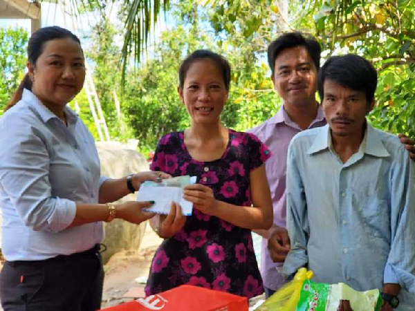 Chị Phương Thảo trao số tiền vận động được cho gia đình. |
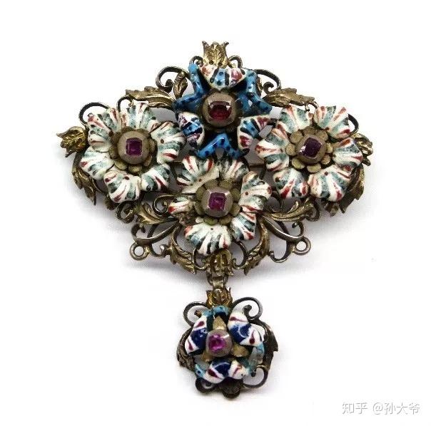 很多时候巴洛克风格的珠宝总是透出一股浓浓的农家乐审美,跟珐琅的大量使用不无关系。这时,无论珠宝的正面和背面,总能见到娇艳欲滴的珐琅。
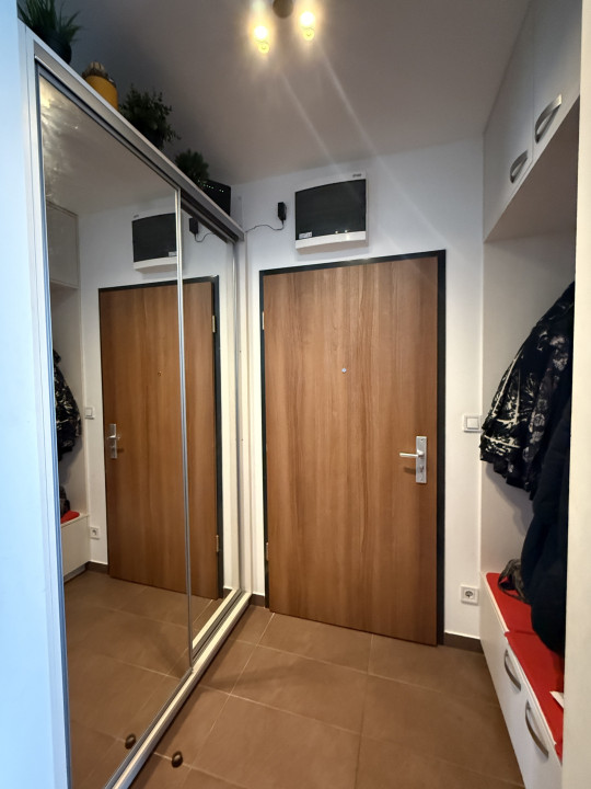 - entrance hall with mirrored built-in wardrobe and entryway wall unit
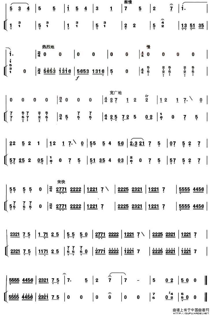 五线谱版二重唱:欢乐的敖包会
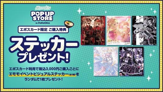 期間中、ポップアップストアにてエポスカードを利用してお買い物をすると、税込3,000円ご購入ごとに特典のエモモステッカー(全5種)をランダムで1枚プレゼントいたします。
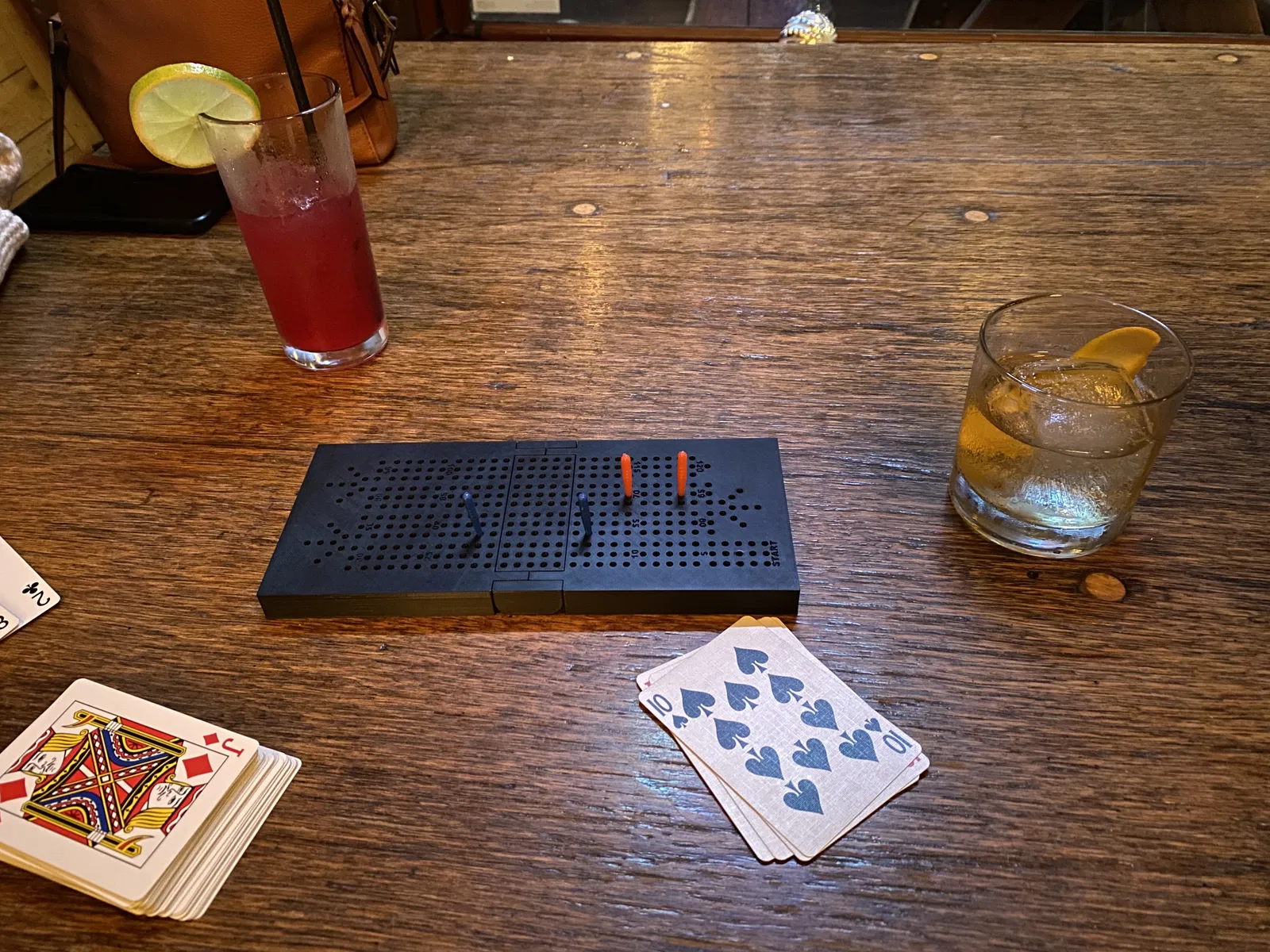 Bàn cờ cribbage gấp gọn, in không cần hỗ trợ, có ngăn chứa bộ bài và chốt. Nam châm giúp giữ bàn cờ đóng lại, hoặc bạn có thể dùng dây thun. Có hai mẫu, một có nam châm và một không. Đã cập nhật thêm chốt phẳng.
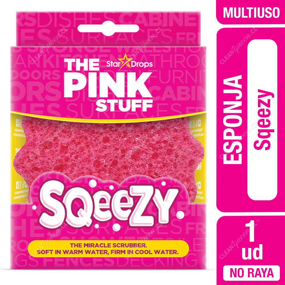 La esponja milagrosa Sqeezy The Pink stuff es ideal para usar en el hogar, la cocina, el baño e incluso en exteriores. Su material flexible lo hace suave en agua tibia y firme en agua fría para ayudar a realizar todas las tareas de limpieza. Para trabajos de limpieza más difíciles, úselo con agua fría para eliminar la suciedad y las manchas difíciles. Úselo con agua tibia para llegar a esos lugares difíciles de alcanzar, limpiar cubiertos, limpiar cristalería, fregar ollas y sartenes para eliminar la grasa fácilmente. La esponja Sqeezy no raya.
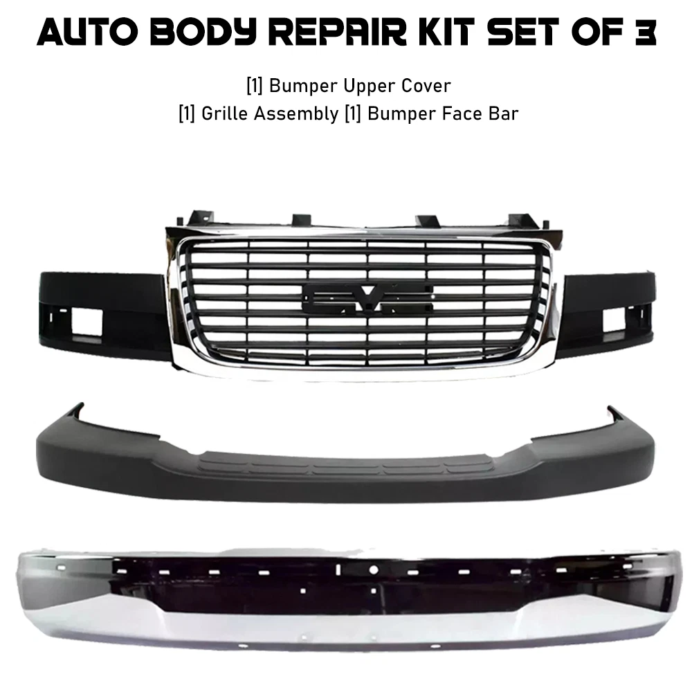 Attachment Type: Easy Installation Brand: Unbranded Items Included: Auto Body Repair Kit Set of 3 Placement on Vehicle: Front, Left, Right, Upper, Top Type: Bumper Kit Material: Chrome, Plastic, Steel Manufacturer Part Number: 13409452 Superseded Part Number: 2003-2023 GMC Savana front bumper and grille chrome kit, GMC Savana 1500 chrome grille and bumper replacement, 2003-2023 GMC Savana 2500 chrome front bumper and grille, GMC Savana 3500 chrome bumper and grille upgrade kit, GMC Savana 4500 chrome grille and front bumper combo, Chrome front bumper and grille for GMC Savana 2003-2023, OEM chrome grille and bumper kit for GMC Savana 1500, Aftermarket chrome bumper and grille assembly for GMC Savana, GMC Savana front chrome bumper and grille replacement 2003-2023, 2003-2023 GMC Savana chrome bumper and grille set Features: Durable, New / Aftermarket Fitment Type: Direct Replacement Finish: Primed, Textured, Chrome Vintage Part: No Manufacturer Warranty: 2 Years UPC: 723650553589 Country/Region of Manufacture: Taiwan gtin13: 723650553589 OE/OEM Part Number: AF628 Location: USA Interchange Part Number: 2023 2022 2021 2020 2019 2018 2017 2016 2015 2014 2013 2012 2011, 2010 2009 2008 2007 2006 2005 2004 2003, GMC, Savana 1500 2500 3500 4500, Front, Extended Cargo Van Standard Cargo Van, Standard Passenger Van Cutaway Van Extended Passenger Van, 4Cyl 6Cyl 8Cyl, 2.8L 4.3L 4.8L 5.3L 6.0L 6.6L, Base LS LT SLE SL, Grille Assembly, Upper Cover Top Pad Filler Trim, Bumper Face Impact Bar, Brackets Brace Support Mounting Retainers LH & RH Side Color: Chrome & Black
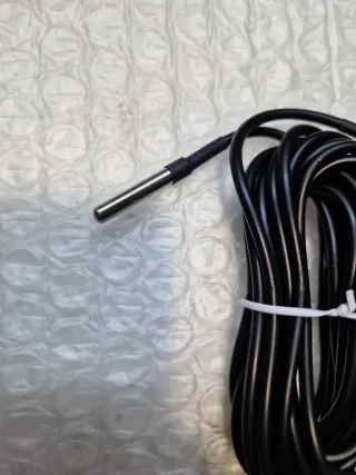 Sonda o Sensor de temperatura para equipo eléctrico. Con cable negro y terminales expuestos - Cable de alimentación negro. - Terminales de conexión expuestos.

* [What the task requires] The data above, line by line: transcribe it exactly and drop the pictures.

* [Response to the exercise]
 Chị Phương Thảo trao số tiền vận động được cho gia đình. |
 很多时候巴洛克风格的珠宝总是透出一股浓浓的农家乐审美,跟珐琅的大量使用不无关系。这时,无论珠宝的正面和背面,总能见到娇艳欲滴的珐琅。
 - entrance hall with mirrored built-in wardrobe and entryway wall unit
 五线谱版二重唱:欢乐的敖包会
 期間中、ポップアップストアにてエポスカードを利用してお買い物をすると、税込3,000円ご購入ごとに特典のエモモステッカー(全5種)をランダムで1枚プレゼントいたします。
 Bàn cờ cribbage gấp gọn, in không cần hỗ trợ, có ngăn chứa bộ bài và chốt. Nam châm giúp giữ bàn cờ đóng lại, hoặc bạn có thể dùng dây thun. Có hai mẫu, một có nam châm và một không. Đã cập nhật thêm chốt phẳng.
 La esponja milagrosa Sqeezy The Pink stuff es ideal para usar en el hogar, la cocina, el baño e incluso en exteriores. Su material flexible lo hace suave en agua tibia y firme en agua fría para ayudar a realizar todas las tareas de limpieza. Para trabajos de limpieza más difíciles, úselo con agua fría para eliminar la suciedad y las manchas difíciles. Úselo con agua tibia para llegar a esos lugares difíciles de alcanzar, limpiar cubiertos, limpiar cristalería, fregar ollas y sartenes para eliminar la grasa fácilmente. La esponja Sqeezy no raya.
 Attachment Type: Easy Installation Brand: Unbranded Items Included: Auto Body Repair Kit Set of 3 Placement on Vehicle: Front, Left, Right, Upper, Top Type: Bumper Kit Material: Chrome, Plastic, Steel Manufacturer Part Number: 13409452 Superseded Part Number: 2003-2023 GMC Savana front bumper and grille chrome kit, GMC Savana 1500 chrome grille and bumper replacement, 2003-2023 GMC Savana 2500 chrome front bumper and grille, GMC Savana 3500 chrome bumper and grille upgrade kit, GMC Savana 4500 chrome grille and front bumper combo, Chrome front bumper and grille for GMC Savana 2003-2023, OEM chrome grille and bumper kit for GMC Savana 1500, Aftermarket chrome bumper and grille assembly for GMC Savana, GMC Savana front chrome bumper and grille replacement 2003-2023, 2003-2023 GMC Savana chrome bumper and grille set Features: Durable, New / Aftermarket Fitment Type: Direct Replacement Finish: Primed, Textured, Chrome Vintage Part: No Manufacturer Warranty: 2 Years UPC: 723650553589 Country/Region of Manufacture: Taiwan gtin13: 723650553589 OE/OEM Part Number: AF628 Location: USA Interchange Part Number: 2023 2022 2021 2020 2019 2018 2017 2016 2015 2014 2013 2012 2011, 2010 2009 2008 2007 2006 2005 2004 2003, GMC, Savana 1500 2500 3500 4500, Front, Extended Cargo Van Standard Cargo Van, Standard Passenger Van Cutaway Van Extended Passenger Van, 4Cyl 6Cyl 8Cyl, 2.8L 4.3L 4.8L 5.3L 6.0L 6.6L, Base LS LT SLE SL, Grille Assembly, Upper Cover Top Pad Filler Trim, Bumper Face Impact Bar, Brackets Brace Support Mounting Retainers LH & RH Side Color: Chrome & Black
 Sonda o Sensor de temperatura para equipo eléctrico. Con cable negro y terminales expuestos - Cable de alimentación negro. - Terminales de conexión expuestos.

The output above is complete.